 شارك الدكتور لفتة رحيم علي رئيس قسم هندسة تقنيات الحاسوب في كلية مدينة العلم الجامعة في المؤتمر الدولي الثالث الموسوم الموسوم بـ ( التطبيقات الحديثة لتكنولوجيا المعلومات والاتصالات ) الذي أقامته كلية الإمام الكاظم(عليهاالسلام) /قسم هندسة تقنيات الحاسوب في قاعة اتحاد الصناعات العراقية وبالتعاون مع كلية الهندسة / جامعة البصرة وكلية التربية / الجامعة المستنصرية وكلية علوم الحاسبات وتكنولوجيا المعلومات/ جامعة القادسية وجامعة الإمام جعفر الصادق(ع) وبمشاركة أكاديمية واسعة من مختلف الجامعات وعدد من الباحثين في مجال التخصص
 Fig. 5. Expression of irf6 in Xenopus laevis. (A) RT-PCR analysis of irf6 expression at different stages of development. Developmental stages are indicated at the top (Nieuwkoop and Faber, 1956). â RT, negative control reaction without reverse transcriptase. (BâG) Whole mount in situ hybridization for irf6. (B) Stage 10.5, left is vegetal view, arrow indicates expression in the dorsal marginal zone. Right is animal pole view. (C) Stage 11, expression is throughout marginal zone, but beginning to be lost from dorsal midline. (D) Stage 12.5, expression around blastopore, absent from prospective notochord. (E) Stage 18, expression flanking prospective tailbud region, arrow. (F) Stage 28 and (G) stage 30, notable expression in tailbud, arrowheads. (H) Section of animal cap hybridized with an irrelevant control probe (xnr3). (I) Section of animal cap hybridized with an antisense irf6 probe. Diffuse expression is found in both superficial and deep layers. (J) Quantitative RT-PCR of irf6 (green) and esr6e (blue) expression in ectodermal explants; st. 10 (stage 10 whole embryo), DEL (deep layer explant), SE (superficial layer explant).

---------------

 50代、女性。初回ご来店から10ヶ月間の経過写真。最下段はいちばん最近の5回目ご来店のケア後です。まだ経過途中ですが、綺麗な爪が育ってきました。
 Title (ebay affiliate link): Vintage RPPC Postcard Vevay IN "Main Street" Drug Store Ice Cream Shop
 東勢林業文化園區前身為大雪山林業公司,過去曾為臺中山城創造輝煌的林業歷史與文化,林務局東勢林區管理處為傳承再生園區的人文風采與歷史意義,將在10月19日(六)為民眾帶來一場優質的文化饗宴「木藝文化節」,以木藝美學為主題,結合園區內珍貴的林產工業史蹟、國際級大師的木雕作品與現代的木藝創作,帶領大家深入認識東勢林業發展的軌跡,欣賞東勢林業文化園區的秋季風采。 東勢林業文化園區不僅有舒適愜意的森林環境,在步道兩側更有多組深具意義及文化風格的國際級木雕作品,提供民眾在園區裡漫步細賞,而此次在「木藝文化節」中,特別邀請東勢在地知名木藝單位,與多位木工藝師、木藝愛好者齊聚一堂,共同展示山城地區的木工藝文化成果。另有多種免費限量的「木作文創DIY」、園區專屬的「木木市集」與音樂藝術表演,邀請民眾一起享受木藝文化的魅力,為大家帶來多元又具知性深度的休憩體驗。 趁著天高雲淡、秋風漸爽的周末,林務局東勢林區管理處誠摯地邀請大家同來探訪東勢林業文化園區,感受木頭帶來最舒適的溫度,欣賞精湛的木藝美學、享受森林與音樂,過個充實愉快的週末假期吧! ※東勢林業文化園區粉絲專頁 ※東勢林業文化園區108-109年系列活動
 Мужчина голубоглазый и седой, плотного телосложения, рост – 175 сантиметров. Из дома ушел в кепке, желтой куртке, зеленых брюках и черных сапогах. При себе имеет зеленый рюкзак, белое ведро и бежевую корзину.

---------------

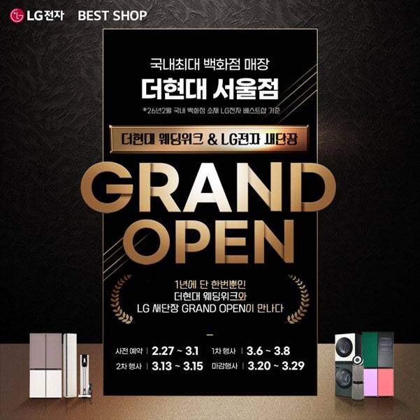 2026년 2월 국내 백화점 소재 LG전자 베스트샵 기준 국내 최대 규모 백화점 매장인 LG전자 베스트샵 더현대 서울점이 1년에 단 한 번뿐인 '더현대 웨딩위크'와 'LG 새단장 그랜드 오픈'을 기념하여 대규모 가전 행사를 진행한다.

---------------

__DIRECTIONS FOR THIS TASK__
As listed above, the lines from the line with "Title (ebay affiliate" to the line with "Мужчина голубоглазый и" are to be echoed exactly, with both ends included and nothing added.

__SOLUTION FOR THIS EXERCISE__
 Title (ebay affiliate link): Vintage RPPC Postcard Vevay IN "Main Street" Drug Store Ice Cream Shop
 東勢林業文化園區前身為大雪山林業公司,過去曾為臺中山城創造輝煌的林業歷史與文化,林務局東勢林區管理處為傳承再生園區的人文風采與歷史意義,將在10月19日(六)為民眾帶來一場優質的文化饗宴「木藝文化節」,以木藝美學為主題,結合園區內珍貴的林產工業史蹟、國際級大師的木雕作品與現代的木藝創作,帶領大家深入認識東勢林業發展的軌跡,欣賞東勢林業文化園區的秋季風采。 東勢林業文化園區不僅有舒適愜意的森林環境,在步道兩側更有多組深具意義及文化風格的國際級木雕作品,提供民眾在園區裡漫步細賞,而此次在「木藝文化節」中,特別邀請東勢在地知名木藝單位,與多位木工藝師、木藝愛好者齊聚一堂,共同展示山城地區的木工藝文化成果。另有多種免費限量的「木作文創DIY」、園區專屬的「木木市集」與音樂藝術表演,邀請民眾一起享受木藝文化的魅力,為大家帶來多元又具知性深度的休憩體驗。 趁著天高雲淡、秋風漸爽的周末,林務局東勢林區管理處誠摯地邀請大家同來探訪東勢林業文化園區,感受木頭帶來最舒適的溫度,欣賞精湛的木藝美學、享受森林與音樂,過個充實愉快的週末假期吧! ※東勢林業文化園區粉絲專頁 ※東勢林業文化園區108-109年系列活動
 Мужчина голубоглазый и седой, плотного телосложения, рост – 175 сантиметров. Из дома ушел в кепке, желтой куртке, зеленых брюках и черных сапогах. При себе имеет зеленый рюкзак, белое ведро и бежевую корзину.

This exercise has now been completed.